#### [DATA SHOWN]

________________________________________

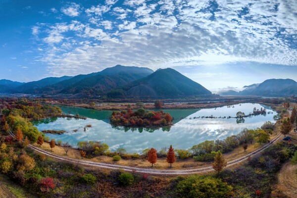 진안 용담호는 그 이름처럼 용이 꿈틀대는 듯한 형상을 자랑하는 곳으로, 사시사철 아름다운 경관을 선보이고 있다.
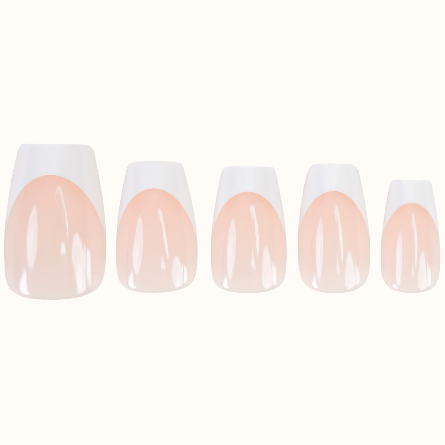 Excuse My French inneholder: 24 løsnegler i 12 størrelser, negletape (24 biter), neglelim (2g), neglefil, alcohol pad og manikyrpinne.
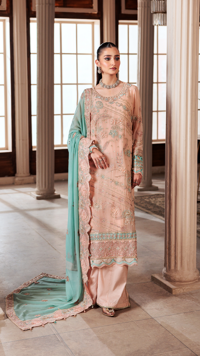 EMBROIDERED WEIGHTLESS CHIFFON FRONT WITH H.M WORK 1 YDS, PLAIN WEIGHTLESS
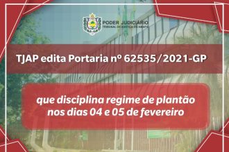 TJAP publica portaria disciplinando regime de plantão nos dias 04 e 05 de fevereiro.

________________________________________

#### [WHAT IS REQUIRED]
Output the whole listing again, exactly, without its pictures.

#### [RESPONSE AREA]
 진안 용담호는 그 이름처럼 용이 꿈틀대는 듯한 형상을 자랑하는 곳으로, 사시사철 아름다운 경관을 선보이고 있다.
 Excuse My French inneholder: 24 løsnegler i 12 størrelser, negletape (24 biter), neglelim (2g), neglefil, alcohol pad og manikyrpinne.
 EMBROIDERED WEIGHTLESS CHIFFON FRONT WITH H.M WORK 1 YDS, PLAIN WEIGHTLESS
 TJAP publica portaria disciplinando regime de plantão nos dias 04 e 05 de fevereiro.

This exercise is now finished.